The deal has a base salary of $41.25 million and includes $17 million in guarantees. Snee also gets a $13.5 million signing bonus and can earn another $2 million in incentives. $23 million will be available in the first three seasons and his annual base average is $6.875 million.

Snee's strong play in 2008 earned him his first Pro Bowl selection as one of the NFC's starting guards. He was ranked 77th by his fellow players on the NFL Top 100 Players of 2011.

At the end of the 2011 season, Snee and the Giants appeared in Super Bowl XLVI. He started in the game as the Giants defeated the New England Patriots by a score of 21–17 giving him his second Super Bowl title.

Snee was selected to the 2013 Pro Bowl
and had hip surgery after the event.

In October 2013, Snee was put on the injured reserve list and was out for the rest of the season due to an injured hip.

Snee announced his retirement from the NFL on July 21, 2014.

Pre-draft measurables
| Height | Weight | Arm length | Hand span | 40-yard dash | 10-yard split | 20-yard split | 20-yard shuttle | Three-cone drill | Vertical jump | Broad jump | Bench press |
| 6 ft 2+3⁄4 in (1.90 m) | 314 lb (142 kg) | 31+3⁄8 in (0.80 m) | 9+1⁄4 in (0.23 m) | 5.07 s | 1.75 s | 2.93 s | 4.66 s | 7.75 s | 30.5 in (0.77 m) | 8 ft 8 in (2.64 m) | 29 reps |
All values from NFL Combine

==Post–playing career==
===Jacksonville Jaguars===
On May 30, 2017, Snee was hired by his former coach with the Giants, father-in-law, and former Jacksonville Jaguars' executive vice-president Tom Coughlin to be a scout for the Jacksonville Jaguars.
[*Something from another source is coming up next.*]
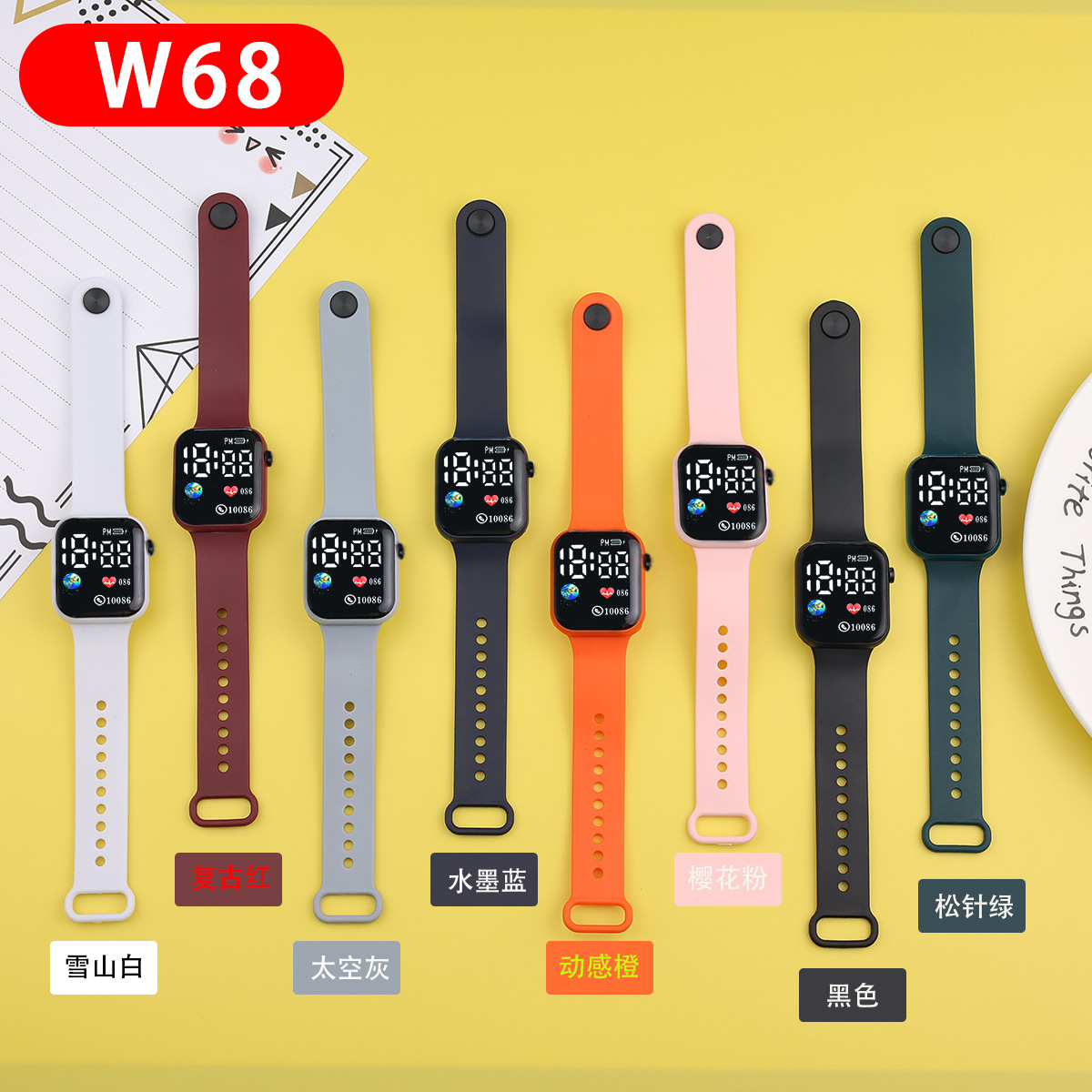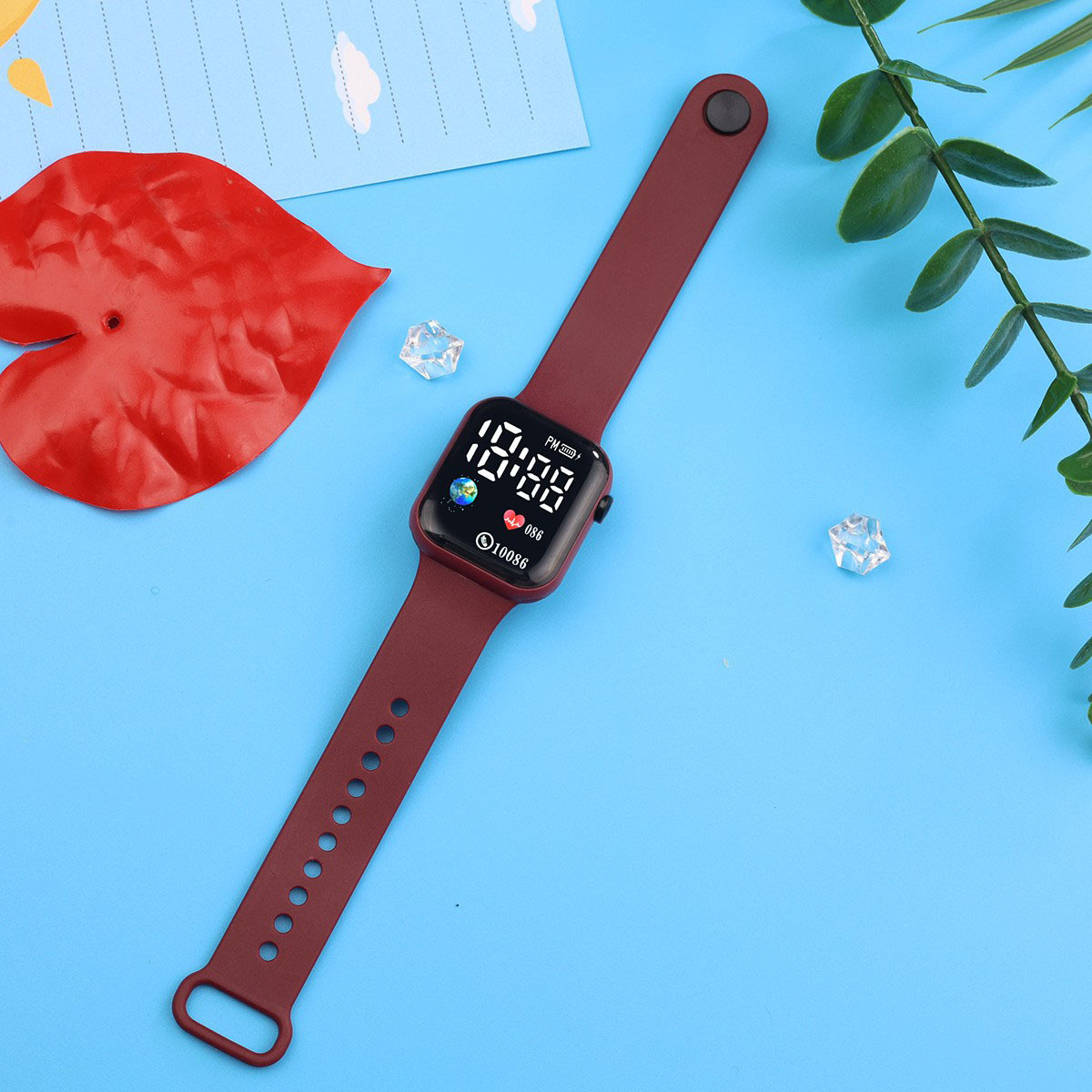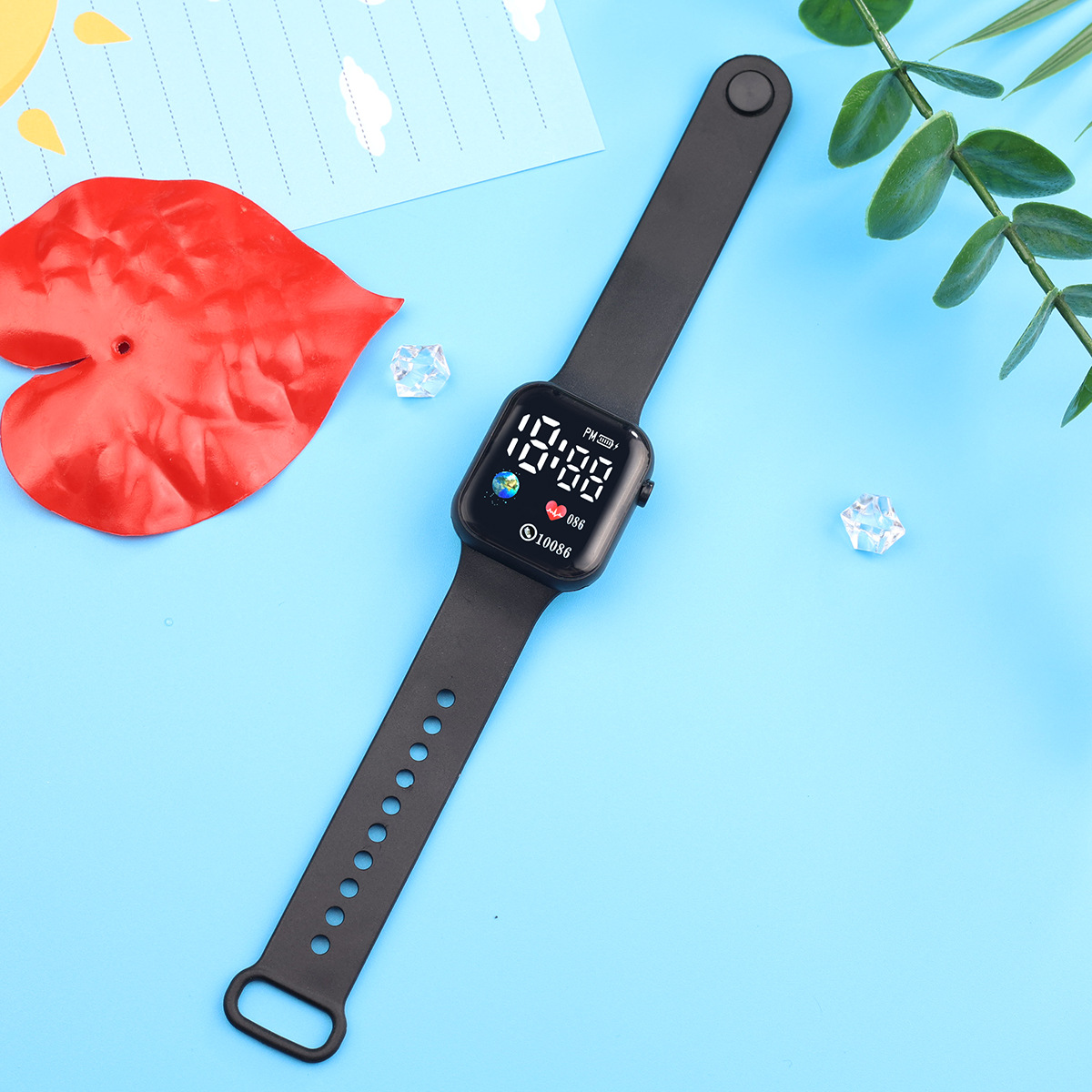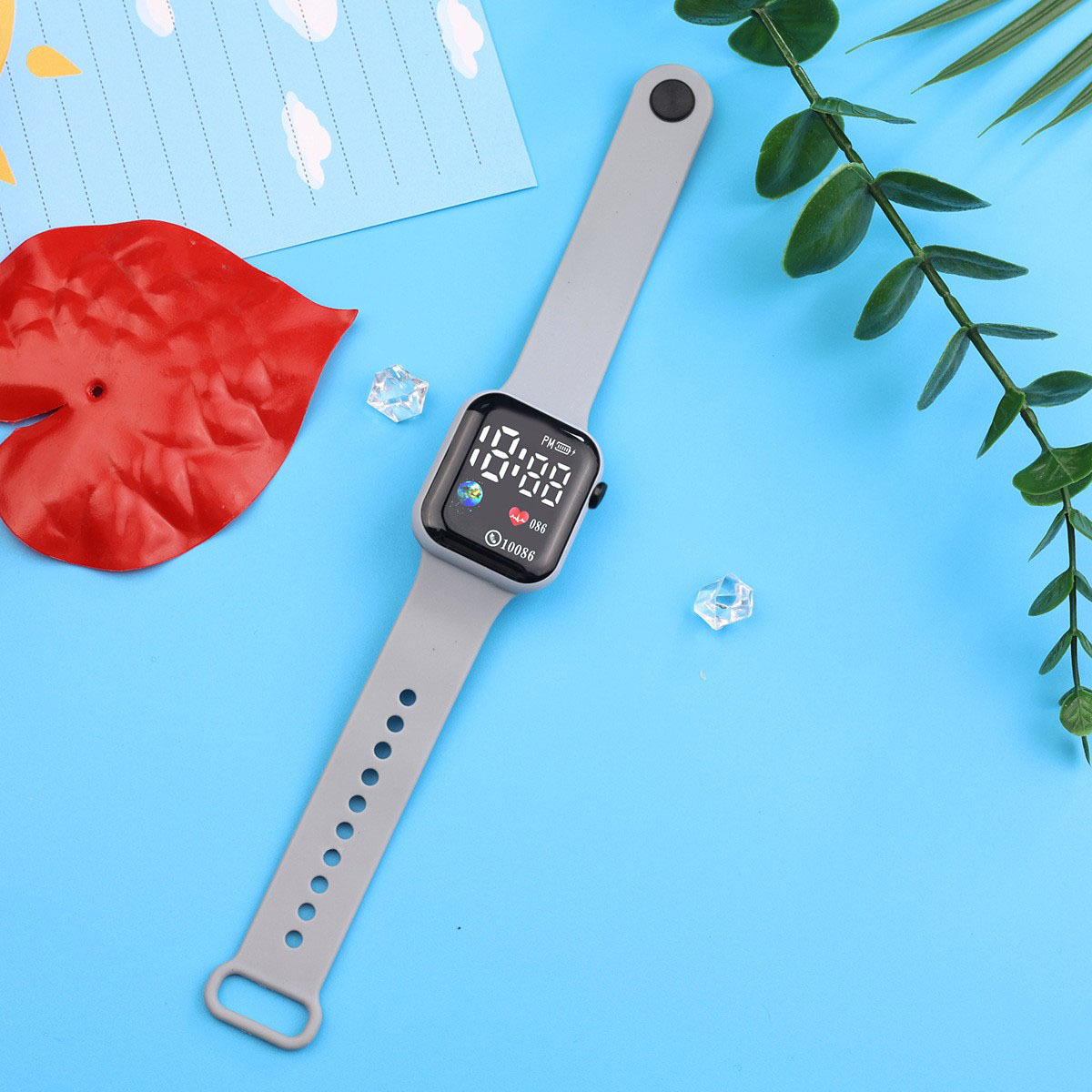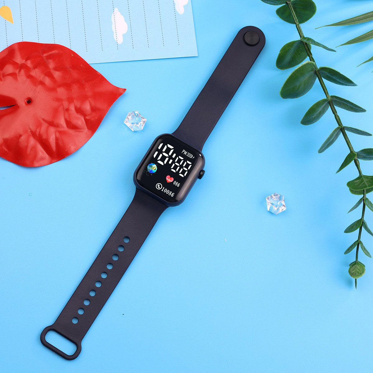 外贸跨境新款LED电子手表方块地球爱心数字情侣学生时尚手表现货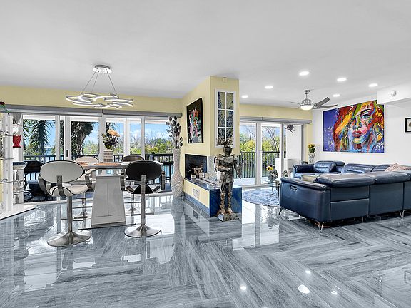 The finest three-bedroom waterfront residence in Hillsboro Cove, offering unparalleled views of the river & Capone Island. Meticulously remodeled, this condo features quartzite counters in the chef's kitchen, top-of-the-line KitchenAid appliances, & LED high hat lighting. custom translucent barn doors lead into each bedroom. The master bath features a bidet with multi heads in the oversized shower. The guest bath boasts a luxurious soaking tub overlooking the river with a view of the mega yachts as they go by. A Dimplex custom-built light & steam fireplace wrapped in quartzite adds a warm elegance. Just a few minutes' walk to local dining & Deerfield Beach. Boca Mizner 5-minute drive. This residence epitomizes luxury living. Boat slips, when available. CONCRETE PAID IN FUL

He acted as a coaching assistant and helped offensive line coach Pat Flaherty and assistant offensive line coach Tony Sparano Jr. with the offensive linemen throughout training camp.

===Boston College===
On August 23, 2022, Snee was hired as an analyst under head coach Jeff Hafley.

=== New York Giants ===
On May 7, 2024, Snee joined the New York Giants as a scout.

==Personal life==
Snee is the son of Diane and Ed Snee, and has three brothers: Edward, Daniel and Shaun. He graduated from Montrose Area Jr./Sr. High School in Montrose, Pennsylvania in 2000.

Snee married Kate Coughlin, daughter of former New York Giants coach Tom Coughlin. They have four children together.